**Provided records**
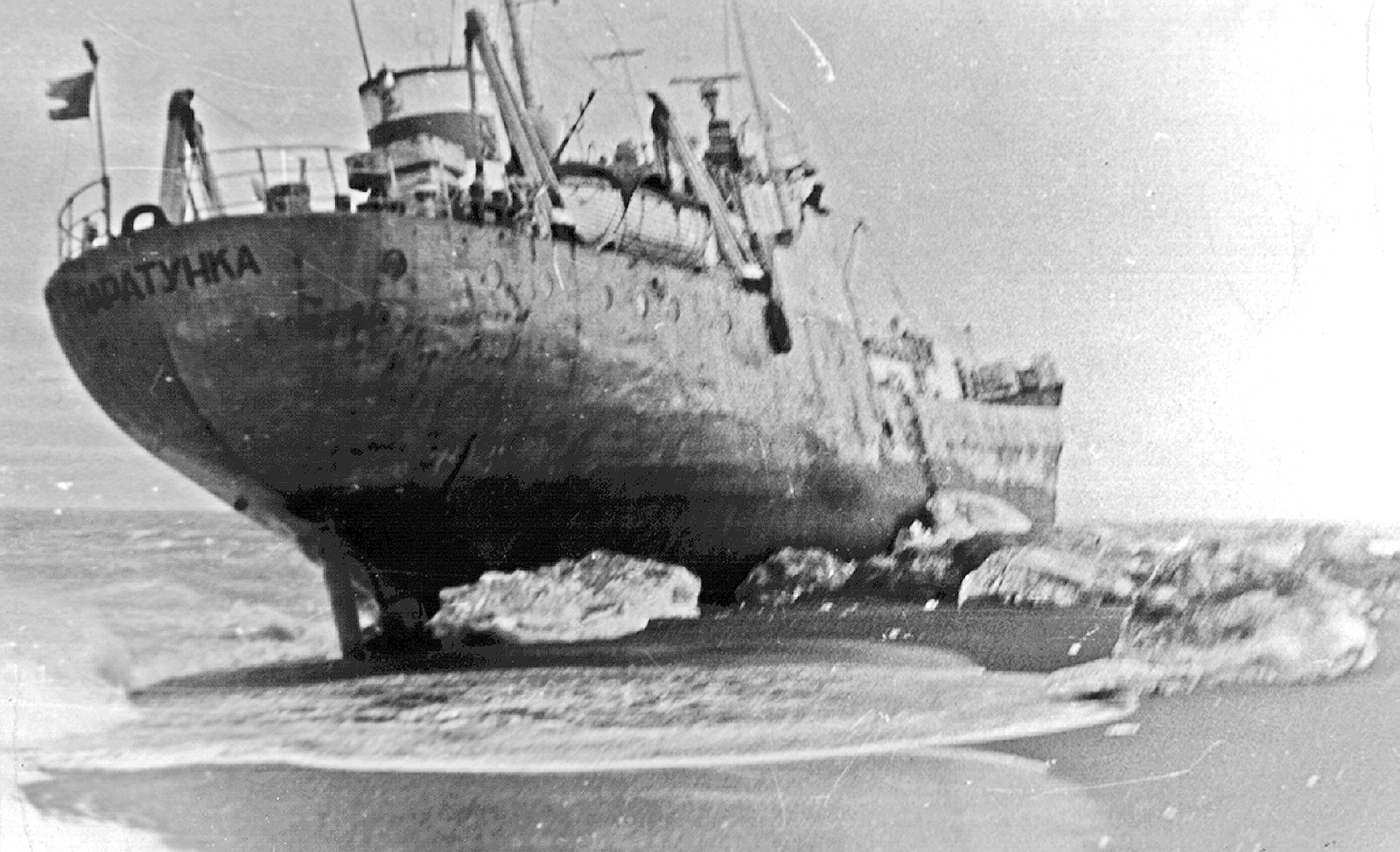 136. Транспортно-рефрижераторное судно "Паратунка" Камчатрыбфлота на мели, 1960-е гг. (из собрания В. Г. Очеретина)
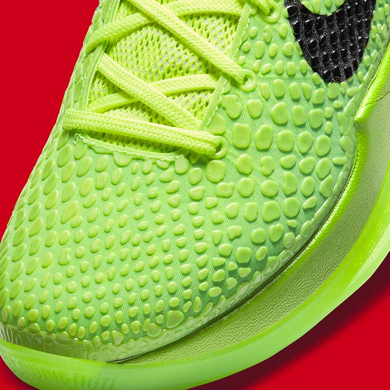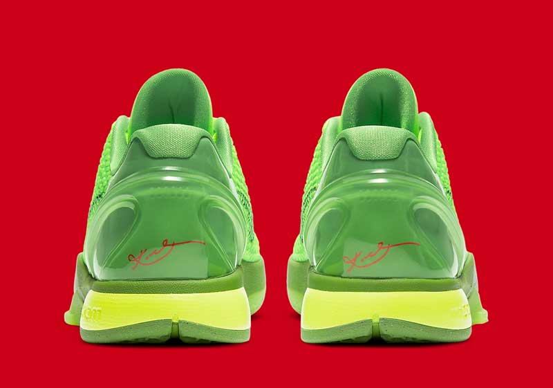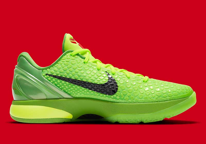 Du côté des couleurs, rien de change. Le vert du Grinch est toujours là, toujours aussi éclatant. Les écailles caractéristiques de la Kobe 6 sont aussi de retour. Et ce n’est qu’un début. Les coloris devraient pleuvoir en 2021.
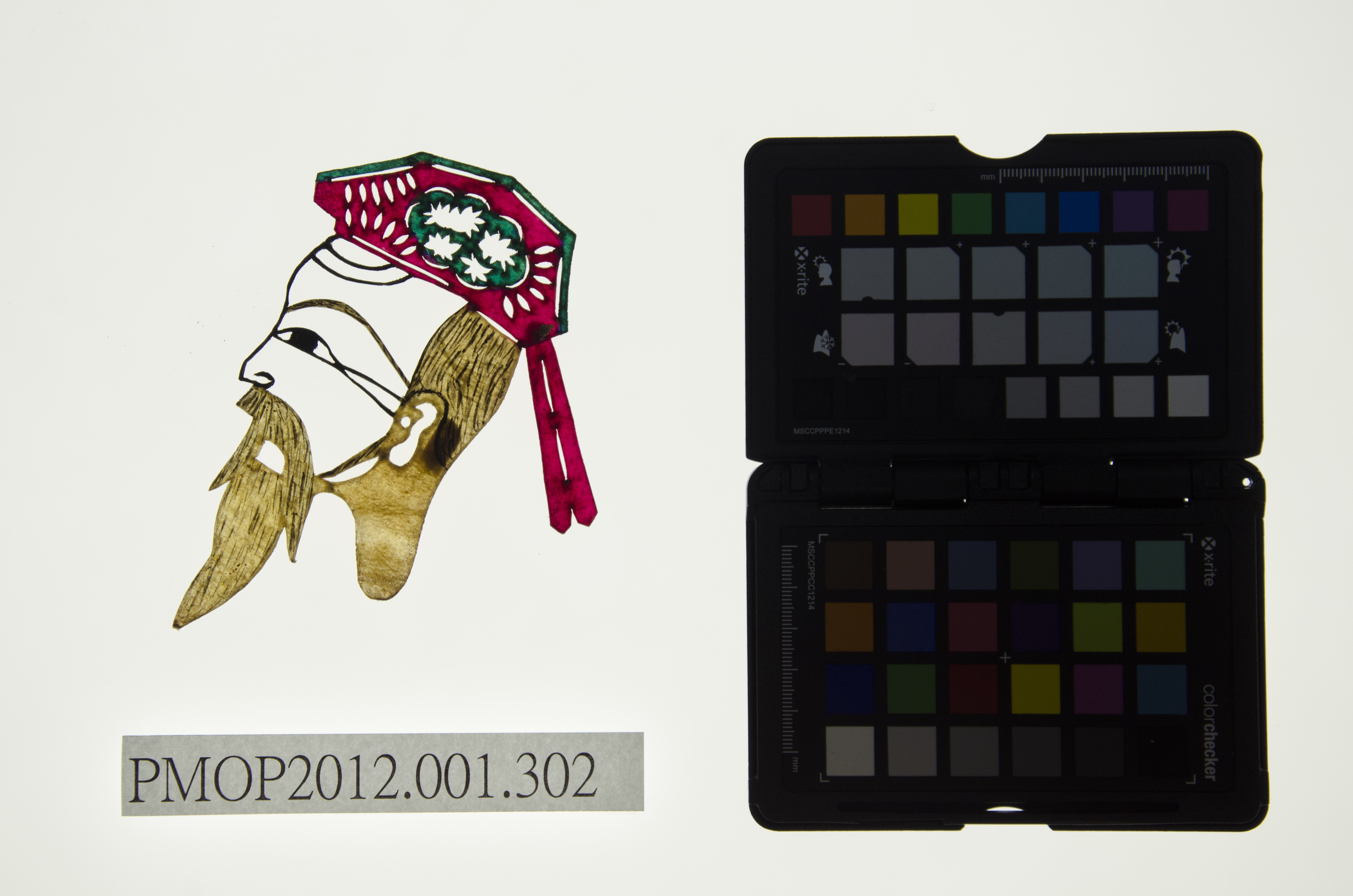 角色說明: 末。 技法說明: 側面五分相陽刻,滿臉皺紋,鬢白鬍鬚,適合老員外造型。 詮釋者-東華皮影劇團 張榑國 藝師
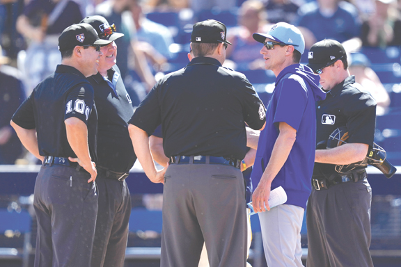 - Chicago Cubs manager Craig Counsell, second from right, talks with umpires, from left, David Arrieta, Bill Miller, Doug Eddings and Tyler Jones, before a spring training game against the Milwaukee Brewers on Wednesday in Phoenix. (AP photo)
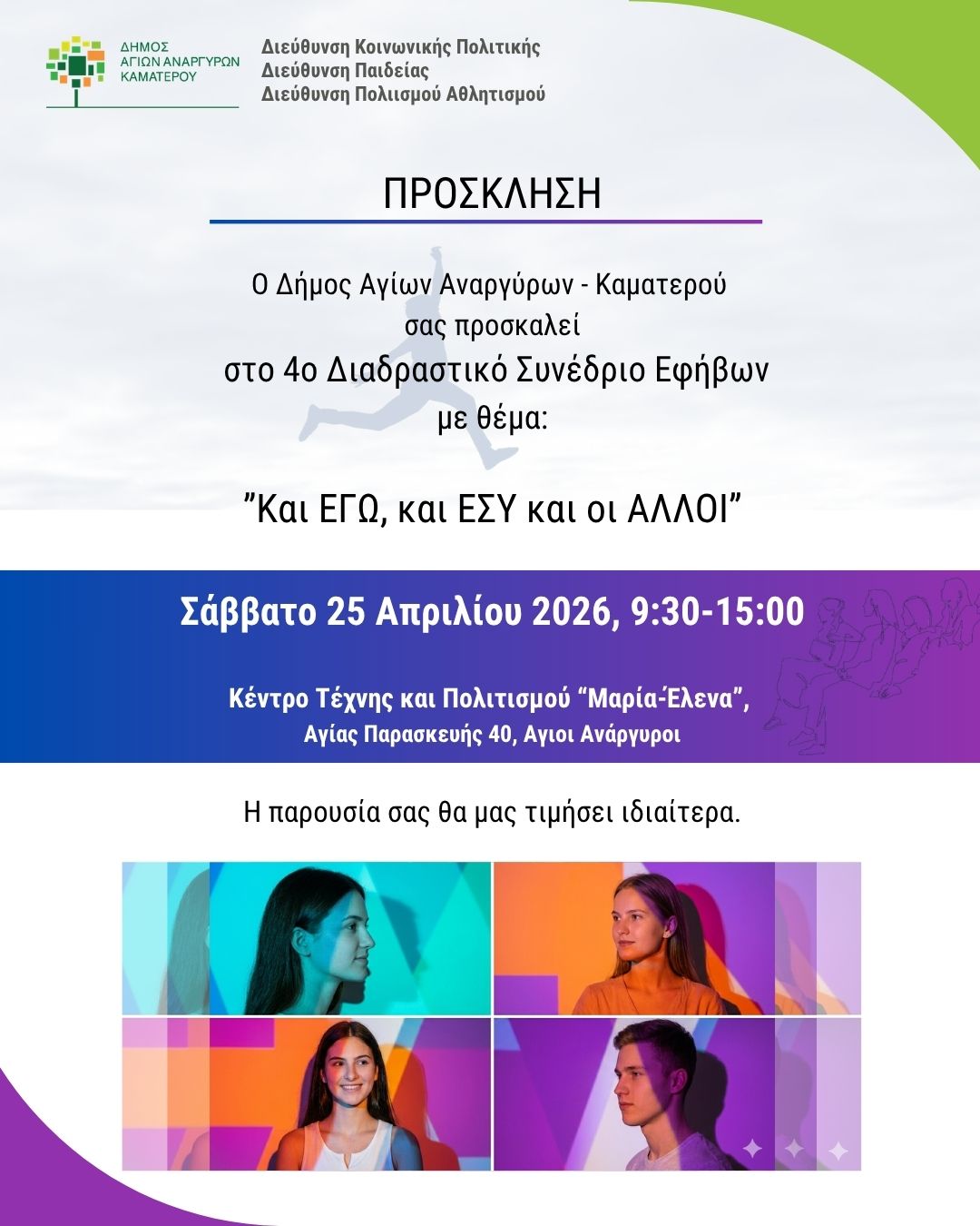Σας ενημερώνουμε ότι το Σάββατο 25 Απριλίου 2026 από τις 09.30-15.00 στο Κέντρο Τέχνης και Πολιτισμού «Μαρία- Ελενα» θα πραγματοποιηθεί το 4ο Διαδραστικό Συνέδριο Εφήβων με τη συμμετοχή ψυχολόγων, εκπαιδευτικών, κοινωνιολόγων,  μαθητών.
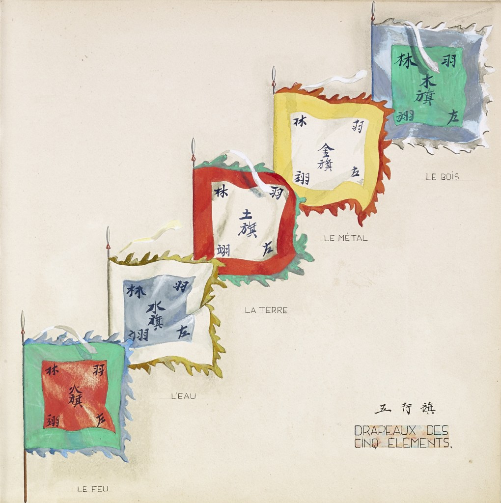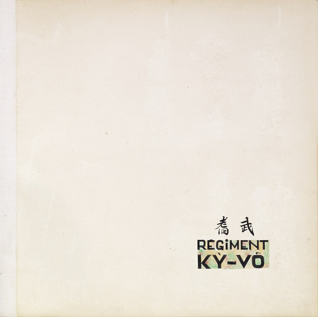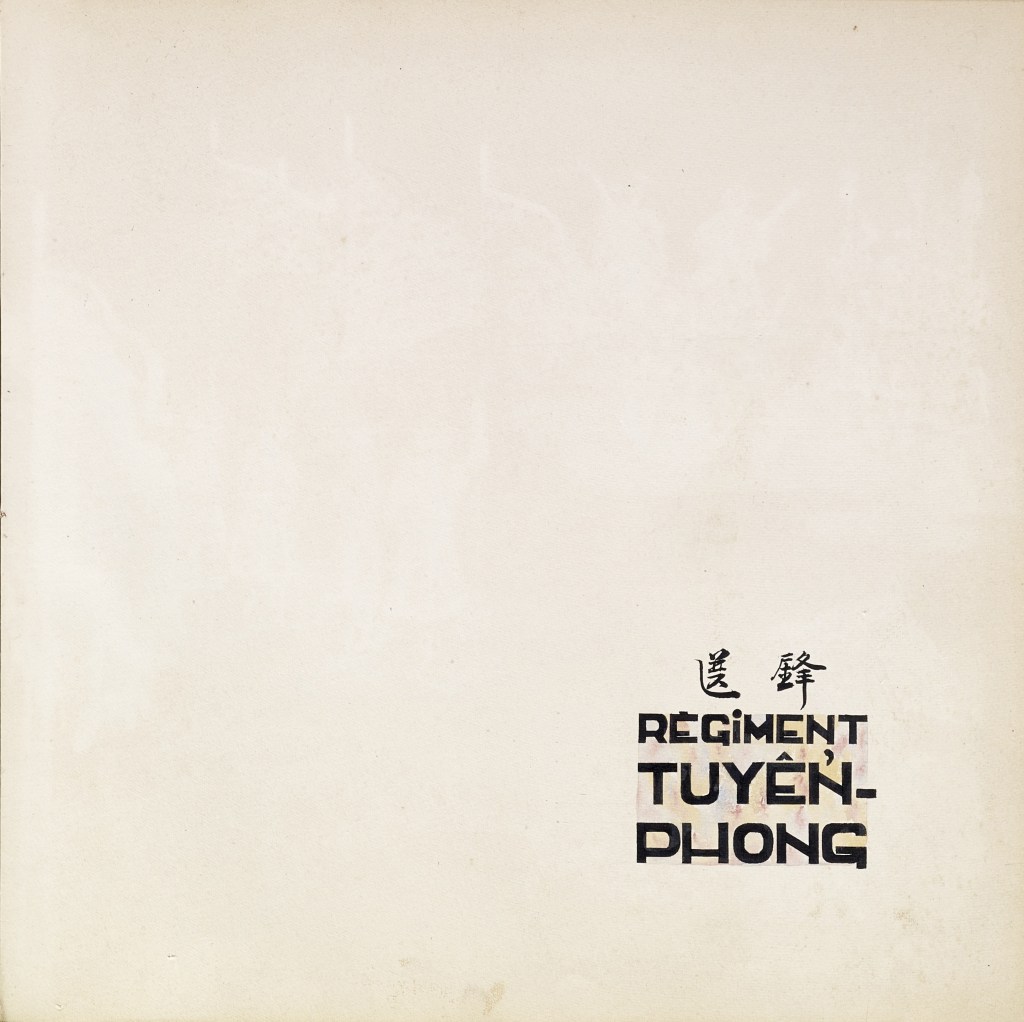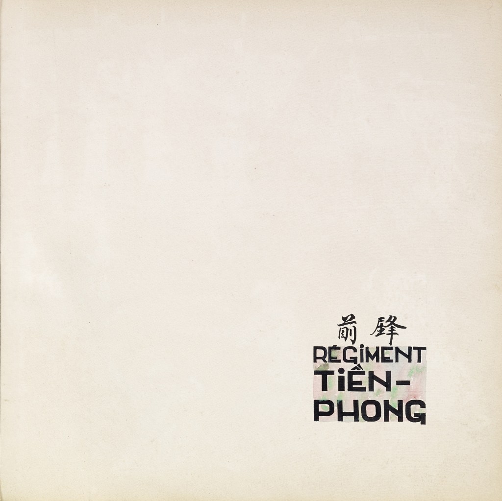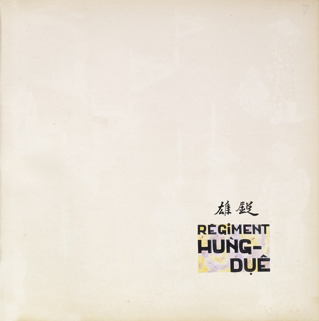 Album “Armée de campagne sous le règne de Tu’ Duc” d’une quarantaine de dessins réalisés par R. Bolliand, montrant des plans de l’armée, les différents costumes et drapeaux. Dans la première partie les feuilles sont reliées partiellement sous forme d’une longue frise repliée en accordéon.
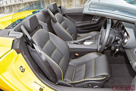 成個以全黑真皮鑲嵌,再加以車身色邊配襯的座艙同桶椅組合;當中最令我注目的地方,肯定係左右加有E-Gear+/-轉檔推桿的三幅式軚環,嗰種依據人體手形嘅設計,仲好有一種予人蠢蠢欲試的衝動;此外,簡潔得如無物的中間波箱位置,一如過往在銀色面板上,有Sport同全自動的Auto按鍵之餘,上方亦新加入有軟篷頂上落電掣,連帶門邊電鏡調校及尾定翼等操控,全掌握在一指之間,真方便!之不過,我更喜歡享受置身於桶椅那份十足承托同靠貼感,就算你猛然踏下油門,亦只會給你有多一份黏背感覺。
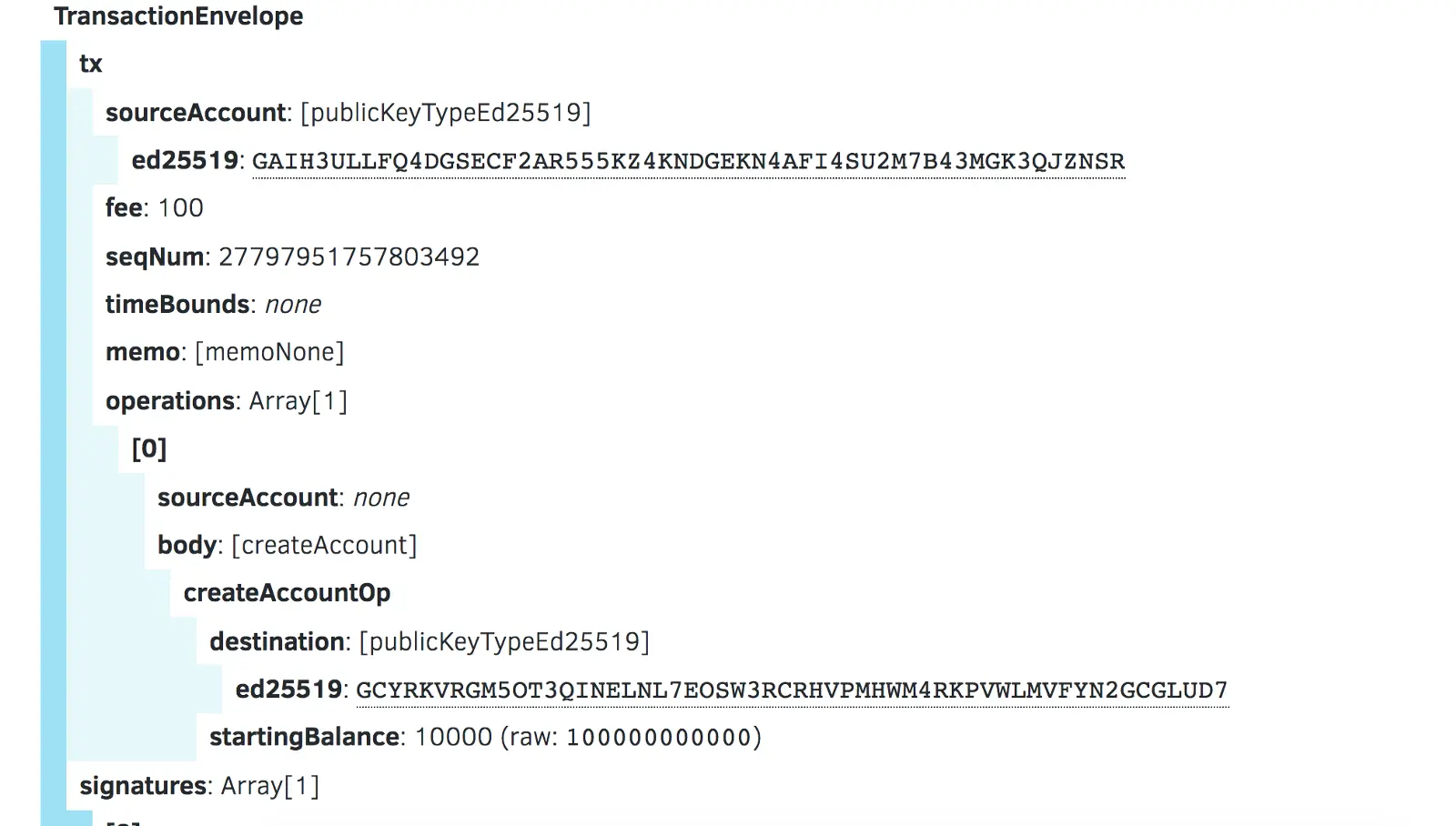 { "_links": { "transaction": { "href": "https://horizon-testnet.stellar.org/transactions/eead4d417b9f6dc735216d9041d811baf042e3631c373e325070f33384707583" } }, "hash": "eead4d417b9f6dc735216d9041d811baf042e3631c373e325070f33384707583", "ledger": 9054841, "envelope_xdr": "AAAAABB90WssODNIgi6BHveqzxTRmIpvAFRyVNM+Hm2GVuCcAAAAZABiwhcAAd/kAAAAAAAAAAAAAAABAAAAAAAAAAAAAAAAsRVWJmddPcENItq/kdK24iier2HszkVPrZbKlw3RhGUAAAAXSHboAAAAAAAAAAABhlbgnAAAAEA9LreUnmBjv42x1PqUwLn+t6N1zQKJlPxztMUCy2iqpgdhyA+oWBjx08+83dFeNPAk/duMs5ZP1DQnBgI7J+gC", "result_xdr": "AAAAAAAAAGQAAAAAAAAAAQAAAAAAAAAAAAAAAAAAAAA=", "result_meta_xdr": "AAAAAAAAAAEAAAADAAAAAACKKnkAAAAAAAAAALEVViZnXT3BDSLav5HStuIonq9h7M5FT62WypcN0YRlAAAAF0h26AAAiip5AAAAAAAAAAAAAAAAAAAAAAAAAAABAAAAAAAAAAAAAAAAAAAAAAAAAwCKKnkAAAAAAAAAABB90WssODNIgi6BHveqzxTRmIpvAFRyVNM+Hm2GVuCcAAfzKPoeba8AYsIXAAHf5AAAAAAAAAAAAAAAAAAAAAABAAAAAAAAAAAAAAAAAAAAAAAAAQCKKnkAAAAAAAAAABB90WssODNIgi6BHveqzxTRmIpvAFRyVNM+Hm2GVuCcAAfzEbGnha8AYsIXAAHf5AAAAAAAAAAAAAAAAAAAAAABAAAAAAAAAAAAAAAAAAAA"}Stellar provides a neat tool to debug every operation output, called XDR Viewer. In this case, I am going to check envelope_xdr content. Upon pasting the value of envelope_xdr it generated a unique public URL, something like that. If you check the decoded output, you will see something like given below:

**Assignment**
Leave the pictures out, and transcribe exactly the lines above starting at the one that contains "- Chicago Cubs" and ending at the one that contains "成個以全黑真皮鑲嵌,再加以車".

**Result of the exercise**
 - Chicago Cubs manager Craig Counsell, second from right, talks with umpires, from left, David Arrieta, Bill Miller, Doug Eddings and Tyler Jones, before a spring training game against the Milwaukee Brewers on Wednesday in Phoenix. (AP photo)
Σας ενημερώνουμε ότι το Σάββατο 25 Απριλίου 2026 από τις 09.30-15.00 στο Κέντρο Τέχνης και Πολιτισμού «Μαρία- Ελενα» θα πραγματοποιηθεί το 4ο Διαδραστικό Συνέδριο Εφήβων με τη συμμετοχή ψυχολόγων, εκπαιδευτικών, κοινωνιολόγων,  μαθητών.
 Album “Armée de campagne sous le règne de Tu’ Duc” d’une quarantaine de dessins réalisés par R. Bolliand, montrant des plans de l’armée, les différents costumes et drapeaux. Dans la première partie les feuilles sont reliées partiellement sous forme d’une longue frise repliée en accordéon.
 成個以全黑真皮鑲嵌,再加以車身色邊配襯的座艙同桶椅組合;當中最令我注目的地方,肯定係左右加有E-Gear+/-轉檔推桿的三幅式軚環,嗰種依據人體手形嘅設計,仲好有一種予人蠢蠢欲試的衝動;此外,簡潔得如無物的中間波箱位置,一如過往在銀色面板上,有Sport同全自動的Auto按鍵之餘,上方亦新加入有軟篷頂上落電掣,連帶門邊電鏡調校及尾定翼等操控,全掌握在一指之間,真方便!之不過,我更喜歡享受置身於桶椅那份十足承托同靠貼感,就算你猛然踏下油門,亦只會給你有多一份黏背感覺。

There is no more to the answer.